Attenuation coefficients of medical ultrasound not only reflect the pathological information of tissues scanned but also provide the quantitative information to compensate the decay of backscattered signals for other medical ultrasound parameters. Based on the frequency-selective attenuation property of human tissues, attenuation estimation methods in spectral domain have difficulties for real-time implementation due to the complexicity while estimation methods in time domain do not achieve the compensation for the diffraction effect effectively. In this paper, we propose the modified VSA method, which compensates the diffraction with reference phantom in time domain, using adaptive bandpass filters with decreasing center frequencies along depths.
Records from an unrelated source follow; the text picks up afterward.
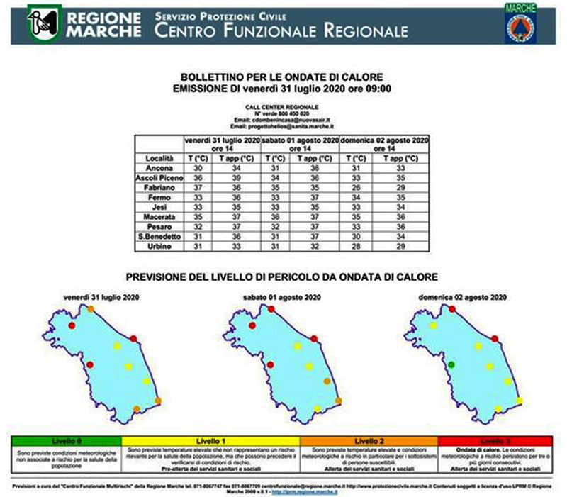 Giornata da bollino rosso per l’ondata di caldo ad Ancona, inserita, tra oggi e domani, nell’elenco delle 14 città italiane con le temperature più alte. Quelle percepite supereranno i 36 gradi. Lo comunica il centro funzionale della Regione Marche. Non andrà meglio nell’entroterra, dove, soprattutto a Fabriano la colonnina di mercurio, nelle ore più calde della giornata potrà superare i 35 gradi sotto la cappa di afa dell’Anticiclone Africano. Nel dettaglio per oggi è previsto un livello di pericolo di livello 3 (bollino rosso) nelle città di Urbino, Pesaro, Fabriano e Ancona. Bollino arancione (livello di pericolo 2) invece a Fermo e S. Benedetto del Tronto. Domani, domenica 2 agosto, il cielo continuerà ad essere sereno o poco nuvoloso ma nel corso del pomeriggio alcune velature potranno interessare la fascia costiera delle Marche mentre nelle ore centrali della giornata potrebbero verificarsi locali rovesci o temporali sui settori montani ed alto-collinari. Lunedì 3 agosto, invece annuvolamenti all’orizzonte con temperature in lieve diminuzione e temporali.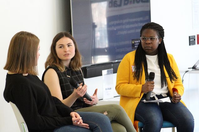 On Wednesday, April 24, Jordan Gutt and Sydney Gullet led Scaling Up: BU Women in Entrepreneurship (below), featuring COM seniors Fiona Whittington, founder of TechTogether, and Emma Johnson, founder of EmJohn Jewelry.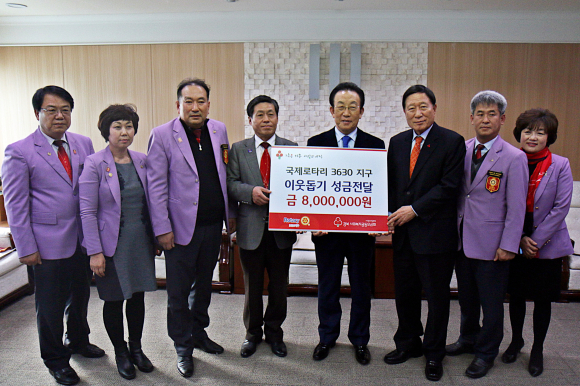 국제로타리 3630지구(총재 문상현)는 1월 15일 경북도지사 접견실에서 김관용 도지사, 문상현 국제로타리 3630지구 총재, 신현수 경북사회복지공동모금회장 등 관계자들이 참석한 가운데 희망 2015 나눔캠페인 이웃돕기 성금 800만원을 경북사회복지공동모금회(회장 신현수)에 기부했다.

The adaptive bandpass filtering technique minimizes the distortion of relative echogenicity of wideband transmit pulses and maximizes the signal-to-noise ratio due to the random scattering, especially at deeper depths. Since the filtering center frequencies change according to the accumulated attenuation, the proposed algorithm improves estimation accuracy and precision comparing to the fixed filtering method. Computer simulation and experimental results using tissue-mimicking phantoms demonstrate that the distortion of relative echogenicity is decreased at deeper depths, and the accuracy of attenuation estimation is improved by 5.1% and the standard deviation is decreased by 46.9% for the entire scan depth.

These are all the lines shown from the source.